WHAT TO DO — Return, unchanged and with no pictures, the lines below from the very first through the one that contains "Гриль представляет собой".

--- GIVEN INFORMATION ---

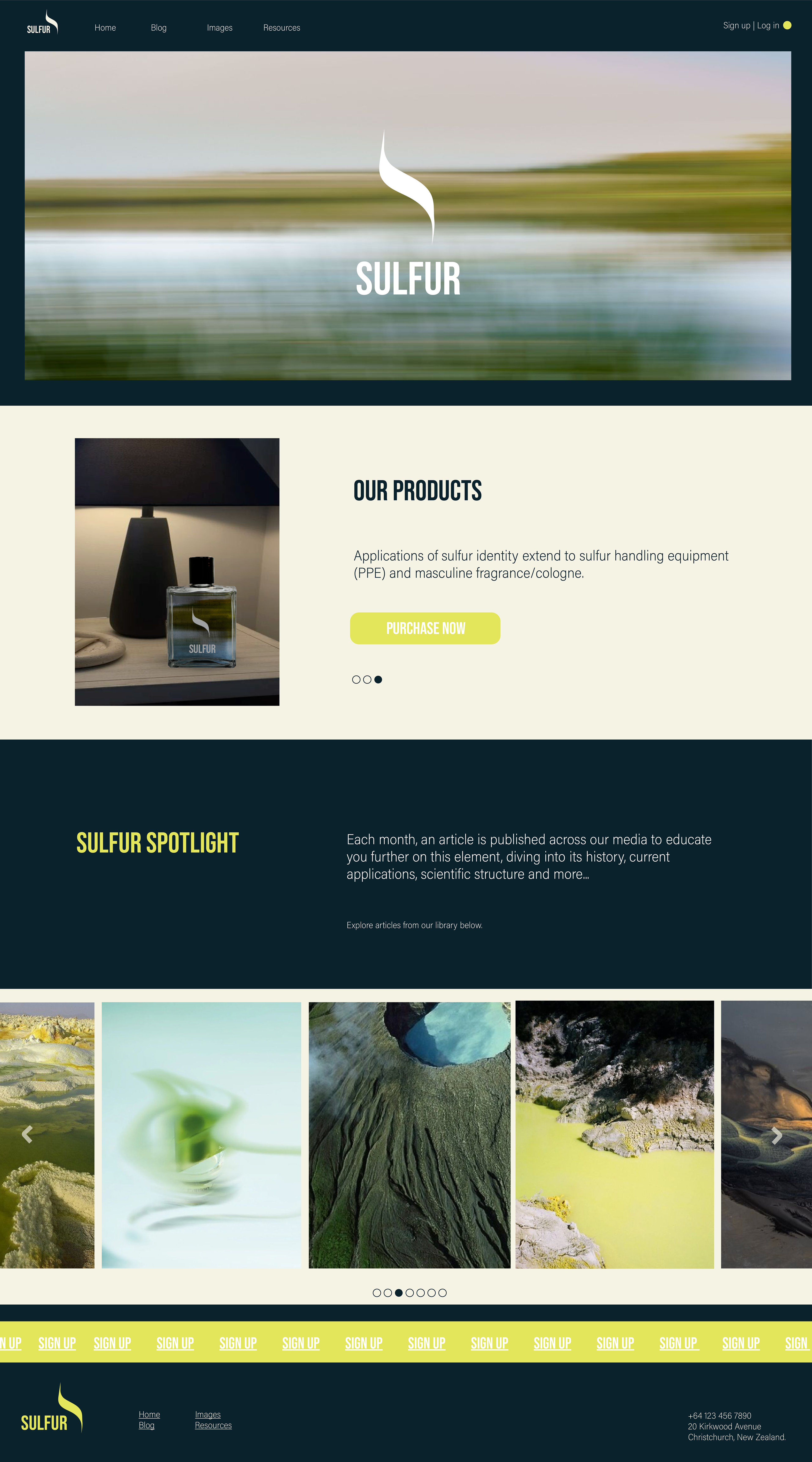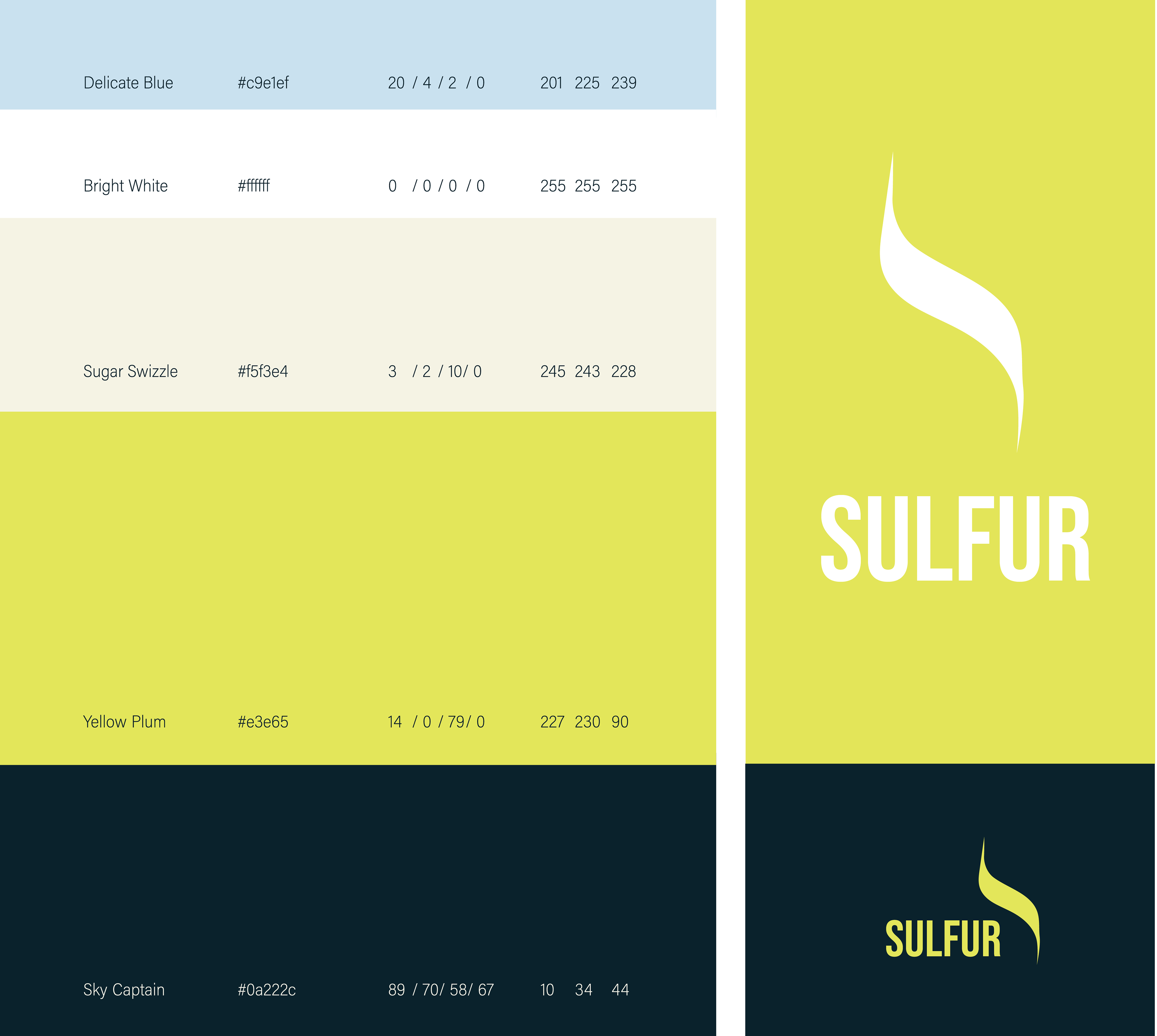 This visual identity was heavily inspired by the strong potency of the element sulfur. The logomark represents rising vapour and flammability while the wordmark was designed to communicate strength with its rigidity and cleanliness.
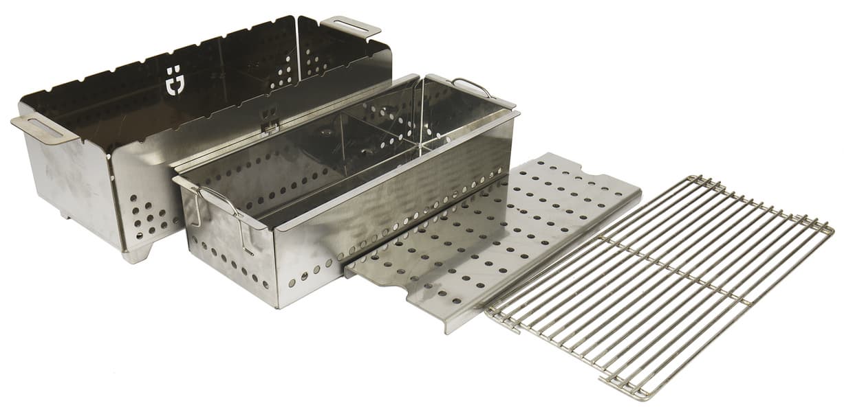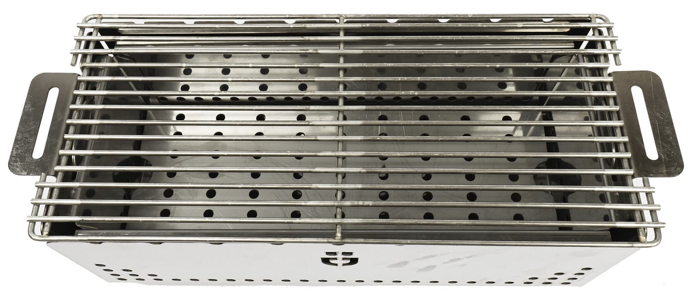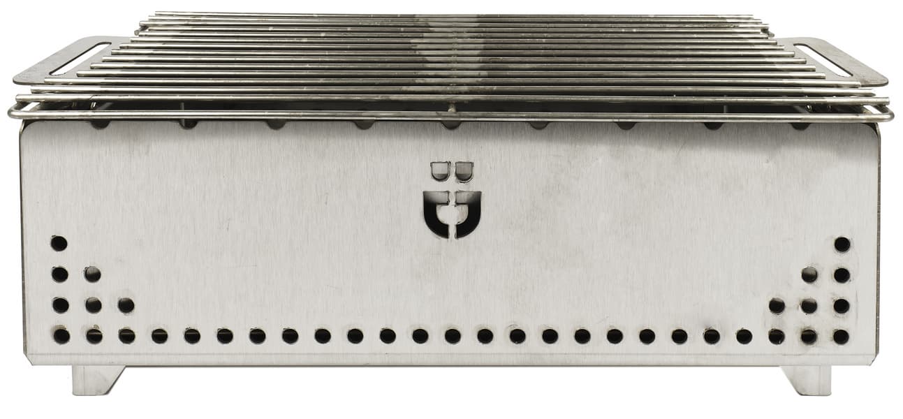 Гриль представляет собой компактную «коробочку» из нержавеющей стали, аккуратно собранную и довольно увесистую по причине использования нержавейки солидной толщины: внешняя и внутренняя коробки сделаны из стали толщиной 1,5 мм, поддон-колосник имеет толщину 2 мм, прутья решетки — 4 мм.
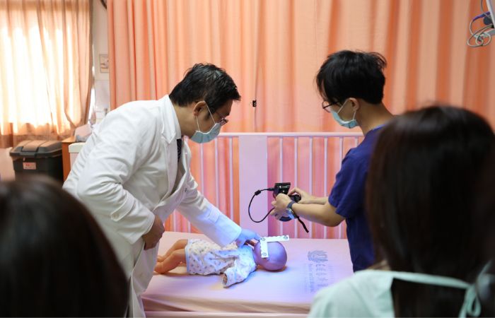 今年花蓮地方法院一共23位法官到花蓮慈濟醫院兒少保護區域醫療整合中心參訪,張雲傑主任負責兒科加護病房驗傷示範,使用多波域光源機驗傷,找出孩童隱藏的受傷部位,吸引眾多法官的目光,並與醫師討論驗傷證據保存方式。(攝影:花蓮慈院提供,地點:花蓮,時間:2023/05/25)急診由護理師提供即時的居家安全衛教諮詢,讓這些意外事件兒少家長們印象深刻,也使意外的再發生率下降,是臺灣兒保醫療中心首創的特色服務。

---

EXERCISE RESPONSE —
 This visual identity was heavily inspired by the strong potency of the element sulfur. The logomark represents rising vapour and flammability while the wordmark was designed to communicate strength with its rigidity and cleanliness.
 Гриль представляет собой компактную «коробочку» из нержавеющей стали, аккуратно собранную и довольно увесистую по причине использования нержавейки солидной толщины: внешняя и внутренняя коробки сделаны из стали толщиной 1,5 мм, поддон-колосник имеет толщину 2 мм, прутья решетки — 4 мм.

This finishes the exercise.